> PROBLEM TO SOLVE: Further down are entries; set down exactly and only the lines from the one with "In the fourteenth" up to and including the one with "(1) 见解析;(2) 由①可得概率为", dropping each picture.

> RECORDS SUPPLIED:
════════════════
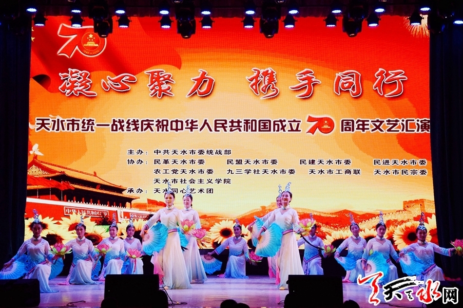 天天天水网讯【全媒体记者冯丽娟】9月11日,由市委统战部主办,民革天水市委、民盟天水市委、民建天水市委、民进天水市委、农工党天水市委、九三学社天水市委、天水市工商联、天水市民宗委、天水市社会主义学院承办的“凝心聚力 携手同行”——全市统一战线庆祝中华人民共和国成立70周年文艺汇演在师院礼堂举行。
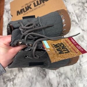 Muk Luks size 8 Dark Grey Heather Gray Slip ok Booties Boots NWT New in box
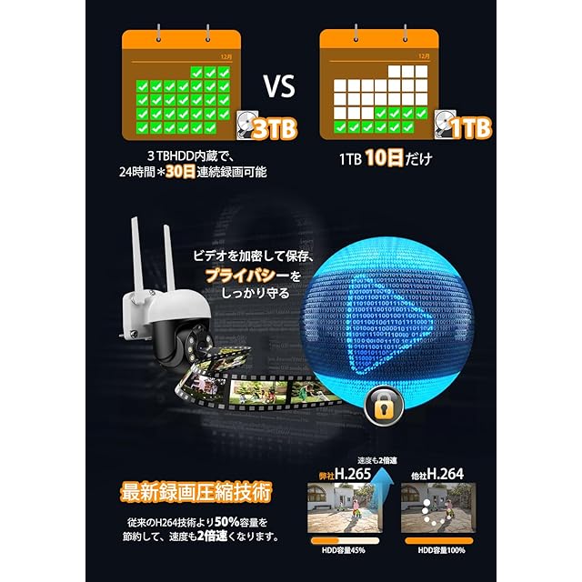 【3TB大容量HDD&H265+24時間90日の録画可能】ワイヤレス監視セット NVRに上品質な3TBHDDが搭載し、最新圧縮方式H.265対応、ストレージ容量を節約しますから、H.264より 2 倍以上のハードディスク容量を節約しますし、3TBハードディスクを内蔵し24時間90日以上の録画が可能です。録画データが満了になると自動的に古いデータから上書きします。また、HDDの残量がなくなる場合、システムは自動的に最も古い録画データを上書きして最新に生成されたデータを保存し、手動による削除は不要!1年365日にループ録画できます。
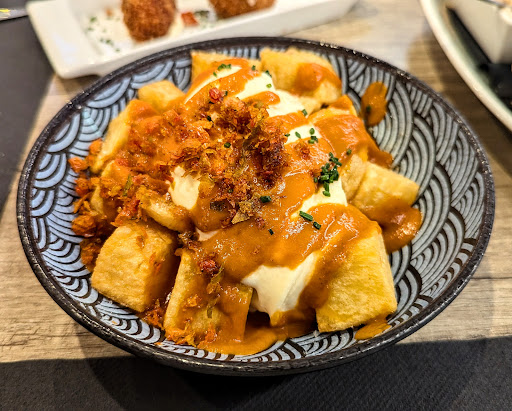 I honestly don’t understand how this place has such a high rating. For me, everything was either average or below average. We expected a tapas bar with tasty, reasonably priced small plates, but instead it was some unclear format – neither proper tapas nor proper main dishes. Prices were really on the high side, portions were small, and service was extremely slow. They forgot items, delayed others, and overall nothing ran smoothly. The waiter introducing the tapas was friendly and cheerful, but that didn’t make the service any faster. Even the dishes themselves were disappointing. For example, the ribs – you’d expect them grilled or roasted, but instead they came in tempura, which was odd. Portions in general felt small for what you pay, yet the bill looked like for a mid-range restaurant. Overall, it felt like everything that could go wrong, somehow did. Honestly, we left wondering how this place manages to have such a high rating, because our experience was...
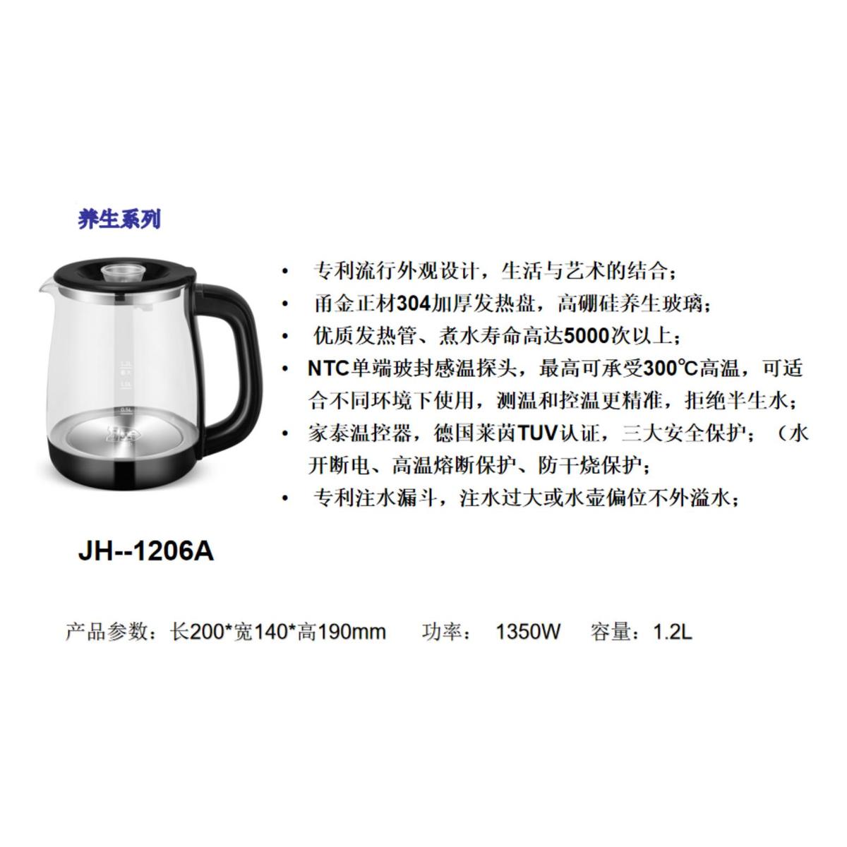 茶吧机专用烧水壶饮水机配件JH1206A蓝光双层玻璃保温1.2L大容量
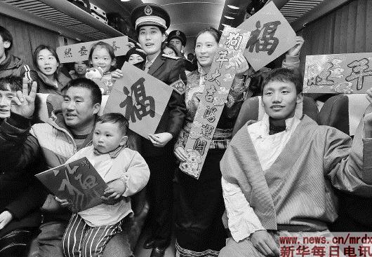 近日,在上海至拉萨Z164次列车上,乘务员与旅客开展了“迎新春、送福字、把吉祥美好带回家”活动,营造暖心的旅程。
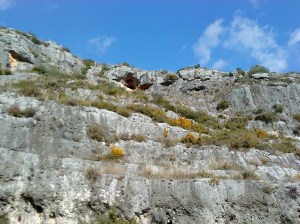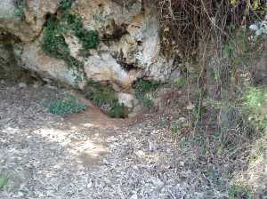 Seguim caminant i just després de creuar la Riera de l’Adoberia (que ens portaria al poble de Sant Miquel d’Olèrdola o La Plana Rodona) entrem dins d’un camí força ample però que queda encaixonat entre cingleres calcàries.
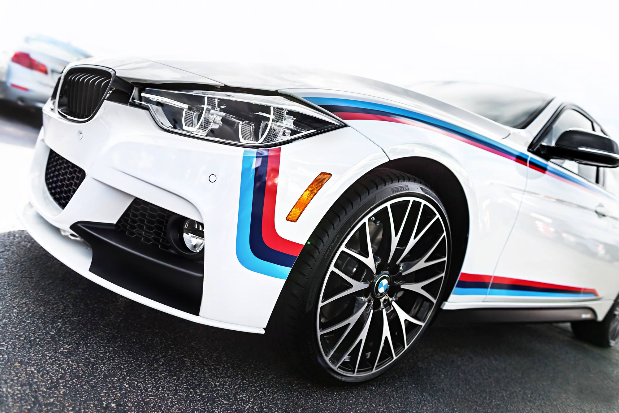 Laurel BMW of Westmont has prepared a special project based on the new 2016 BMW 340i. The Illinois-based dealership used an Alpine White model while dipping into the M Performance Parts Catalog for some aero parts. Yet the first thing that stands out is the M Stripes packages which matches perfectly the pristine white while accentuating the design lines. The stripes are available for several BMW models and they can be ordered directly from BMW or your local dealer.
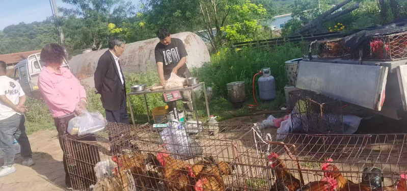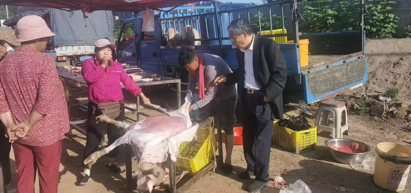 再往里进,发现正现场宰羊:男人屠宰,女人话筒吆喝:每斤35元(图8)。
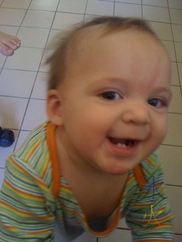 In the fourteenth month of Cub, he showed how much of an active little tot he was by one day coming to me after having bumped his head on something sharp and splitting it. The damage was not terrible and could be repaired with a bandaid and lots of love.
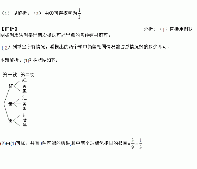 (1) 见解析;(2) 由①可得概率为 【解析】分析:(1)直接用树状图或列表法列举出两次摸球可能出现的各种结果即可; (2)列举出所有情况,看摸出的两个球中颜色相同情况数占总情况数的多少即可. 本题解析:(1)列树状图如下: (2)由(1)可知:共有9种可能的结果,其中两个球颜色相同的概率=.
════════════════
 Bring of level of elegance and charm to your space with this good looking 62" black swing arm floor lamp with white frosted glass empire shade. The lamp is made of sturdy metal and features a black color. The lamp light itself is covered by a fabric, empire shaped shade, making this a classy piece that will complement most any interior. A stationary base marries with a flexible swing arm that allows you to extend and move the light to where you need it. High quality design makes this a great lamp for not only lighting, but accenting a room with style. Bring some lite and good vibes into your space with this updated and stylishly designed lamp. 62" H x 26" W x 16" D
════════════════
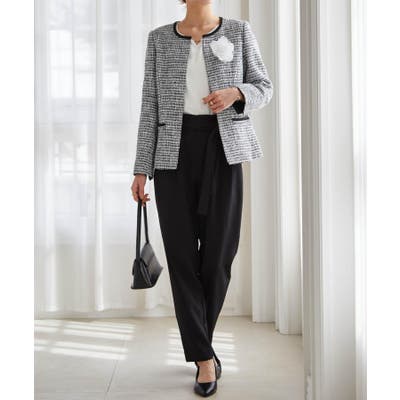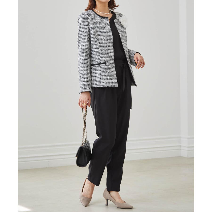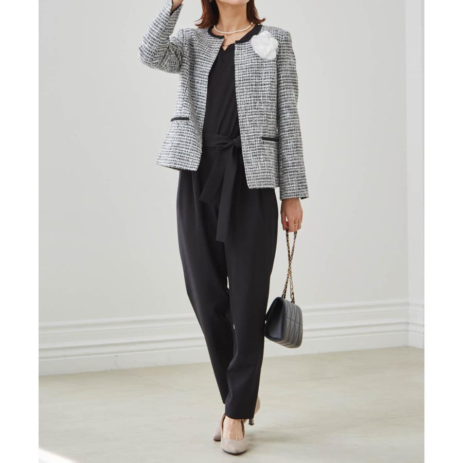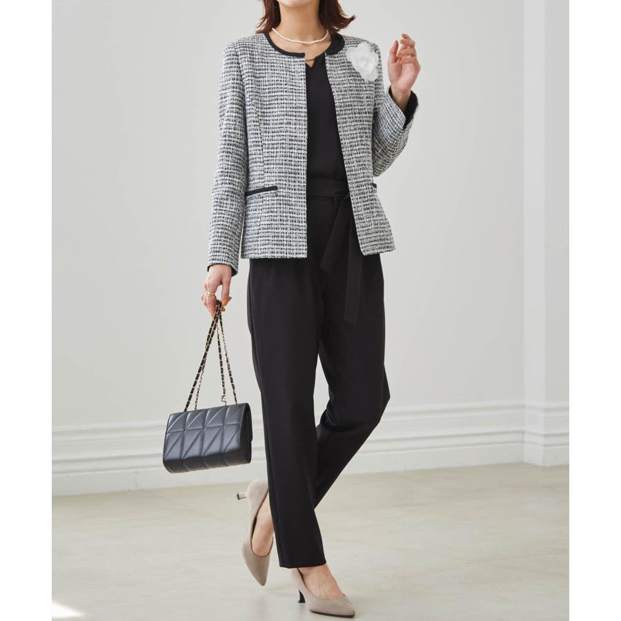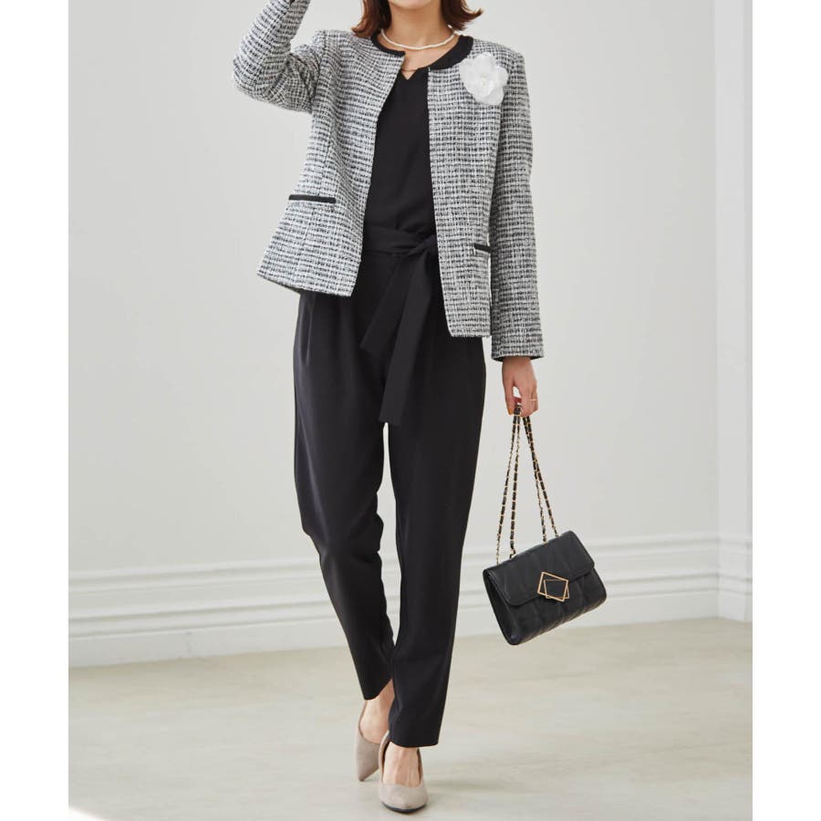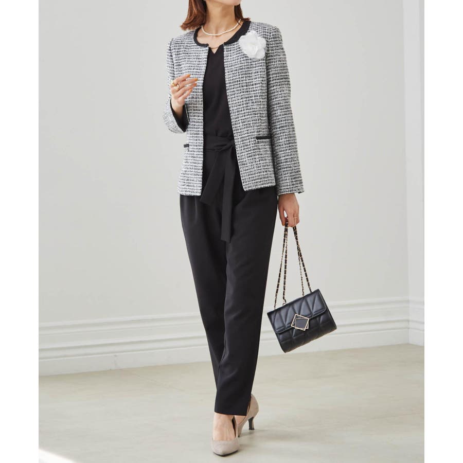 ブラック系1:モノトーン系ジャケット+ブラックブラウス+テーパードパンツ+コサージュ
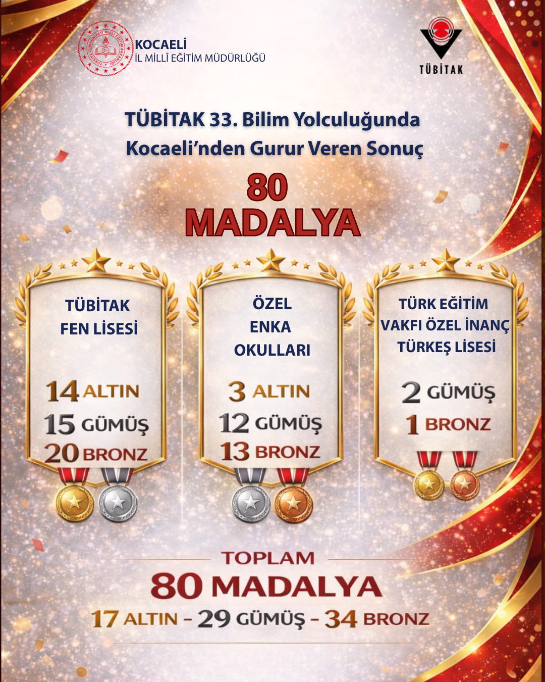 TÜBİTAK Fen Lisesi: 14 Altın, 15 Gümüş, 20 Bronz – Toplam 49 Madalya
════════════════
> SOLUTION TO THE PROBLEM:
 In the fourteenth month of Cub, he showed how much of an active little tot he was by one day coming to me after having bumped his head on something sharp and splitting it. The damage was not terrible and could be repaired with a bandaid and lots of love.
 (1) 见解析;(2) 由①可得概率为 【解析】分析:(1)直接用树状图或列表法列举出两次摸球可能出现的各种结果即可; (2)列举出所有情况,看摸出的两个球中颜色相同情况数占总情况数的多少即可. 本题解析:(1)列树状图如下: (2)由(1)可知:共有9种可能的结果,其中两个球颜色相同的概率=.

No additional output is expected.